Article apport et fusion - Revue de presse #19
FUSION – Absorption d’une société par sa filiale détenue à 100 % et dont l’actif nette comptable apporté est négatif.
La société holding M détient 100% des titres de sa filiale F. Elle est détenue elle-même conjointement par deux groupes actionnaires distincts A et B, qui ne sont pas sous contrôle commun.
Au cours de l’exercice, la filiale F absorbe sa société-mère M. A l’issue de cette opération de fusion, les groupes actionnaires A et B conservent les mêmes proportions détenues dans les sociétés qui fusionnent.
A la date de l’opération, l’actif net comptable de la société holding M, ainsi que celui de la filiale F, sont négatifs.
L’opération entre-t-elle dans le champ des opérations sans échange de titres eu égard aux dispositions du 4° du II de l’article L. 236-3 du code de commerce ?
Le dispositif prévu au 4° du II de l’article L. 236-3 permet de réaliser une fusion sans échange de parts ou d'actions de la société bénéficiaire contre des parts ou actions des sociétés qui disparaissent, lorsque ces parts ou actions sont détenues dans les mêmes proportions dans toutes les sociétés qui fusionnent par les associés des sociétés qui fusionnent, lorsque ces proportions sont conservées à l'issue de l'opération.
Cette situation implique que les actionnaires des sociétés absorbée et absorbante doivent être les mêmes, et que leurs pourcentages de détention dans les deux sociétés fusionnées soient identiques.
Dans le cas présent, les actionnaires de la société holding absorbée M ne détiennent pas directement d’actions dans le capital de l’absorbante F. Dans ces conditions, si la société F n’augmente pas son capital pour rémunérer l’actif net apporté par la société holding M et ne remet pas d’actions nouvelles aux sociétés A et B en échange des actions détenues par ces dernières dans la société holding M, qui disparait, A et B se trouvent sans action dans le capital de l’absorbante F et ne reçoivent ainsi aucune rémunération en contrepartie de l’absorption de M dont ils étaient actionnaires.
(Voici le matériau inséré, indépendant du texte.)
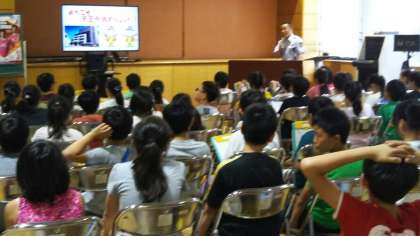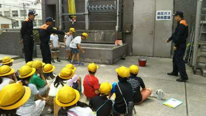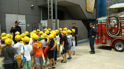 その後は、クラスごとに分かれて夏休みに向けて安全な花火遊びのしかたをお話しいただいたり、消防隊、救助隊の用具や仕事内容について説明していただきました。
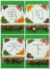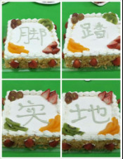 八個方形生日蛋糕一字排開,寫著今年的標(biāo)語腳踏實(shí)地,勇闖天下。
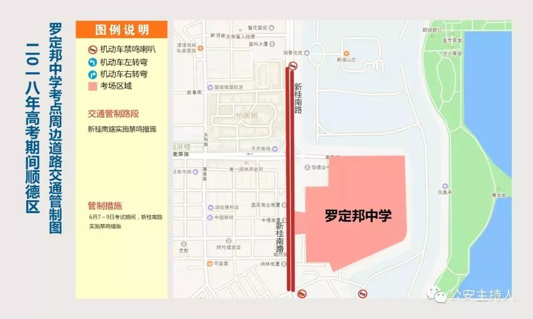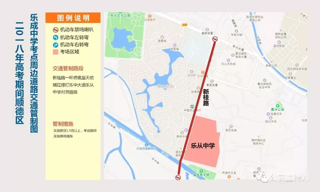 新桂路一环桥底至天佑城红绿灯乐中大道乐从中学对开路段实施限货1.5吨以上,考试期间实施禁鸣措施。
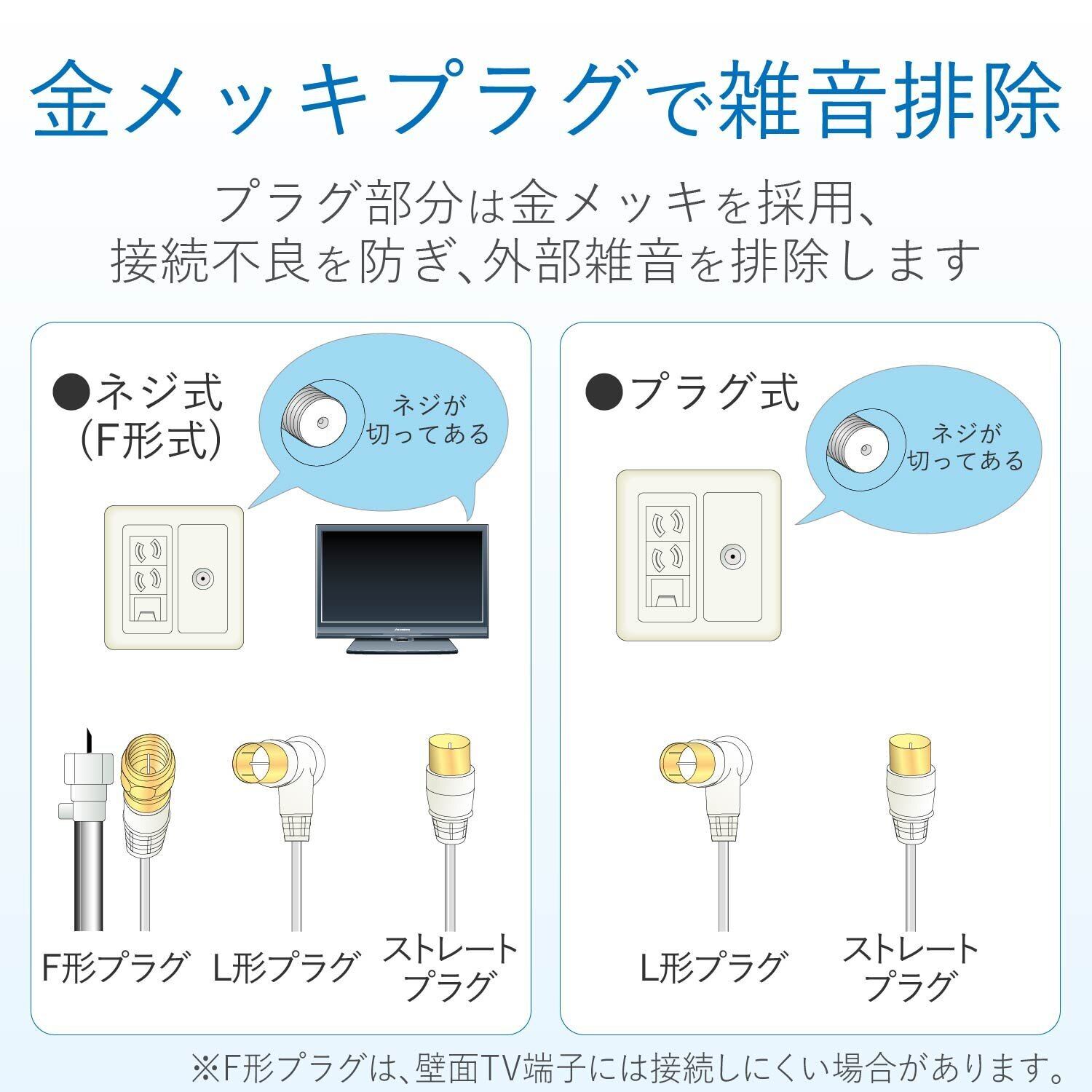 【使い勝手に優れたデザイン!】1mのケーブルサイズは、テレビの設置環境に柔軟に対応できる便利な長さです。しなやかな4C同軸ケーブルは、設置や配線をする際にも気軽に取り扱えるため、狭いスペースでも問題なくご使用いただけます。

Ainsi, la Commission considère que l’exception prévue au 4° du II de l’article L. 236-3 du code de commerce n’est pas possible dans cette situation.
2. Quelles sont les modalités comptables de valorisation des apports dans le cadre de l’opération ?
En raison de l’inapplicabilité de l’exception prévue par l'article L. 236-3 du code de commerce, il est nécessaire d’émettre des actions nouvelles de la société absorbante (F) en rémunération de l’apport de la société holding M. Cela signifie que les sociétés A et B, actionnaires de M, devront recevoir des actions de F en proportion des actions qu'elles détenaient dans la société absorbée (M).
En principe, les apports devraient être évalués à leur valeur nette comptable puisque la fusion intervient entre entités sous contrôle commun, en application de l’article 743-1 du PCG.
Cependant, puisque l’actif net comptable est négatif, il faut appliquer la valeur réelle des apports, conformément à l’article 743-3 du PCG, qui prévoit une dérogation pour les cas où l’actif net apporté est insuffisant pour permettre la libération du capital. La commission rappelle que, pour que la fusion soit réalisable, il est nécessaire que soient positives à la fois la valeur réelle de la société absorbée et celle de la société absorbante pour que cette dernière puisse émettre des actions d’une valeur qui ne serait pas négative.
A l’issue de la fusion, l’absorbante détient ses propres actions, qu’il est prévu d’annuler dans leur totalité. Cette annulation devra être effectuée par la contrepartie des capitaux propres, selon les modalités prévues à l’IR3 sous l’article 745-3 du PCG :
« En cas d’absorption d’une mère par sa fille, la fusion a pour effet de transférer à l’entité absorbante (la fille) ses propres titres qu’elle doit annuler par capitaux propres. L’écart résultant de cette annulation ne peut être assimilé à un mali et comptabilisé en tant que tel à l’actif car cela reviendrait à reconnaître un incorporel généré en interne. Il convient d’appliquer dans cette situation les dispositions prévues par l’article 942-27 (alinéa 7) en cas de rachat des actions propres en vue de leur annulation. […] ».
Dès lors, et sous réserve que les seuls actifs revalorisés dans le cadre de l’opération correspondent aux titres de la société F absorbante et préalablement détenus par la société holding M, le fait de recourir à la valeur réelle (et non la valeur nette comptable) pour évaluer les titres apportés n’a pas d’incidence sur le montant final des capitaux propres.
Source : CNCC – EC 2024-17 & EJ 2024-51 – « FUSION - Absorption d’une société par sa filiale détenue à 100% - Fusion sans échange de titres ? (Non) - Actif net comptable apporté négatif - Valeur d'apport ? » - 28/02/2025.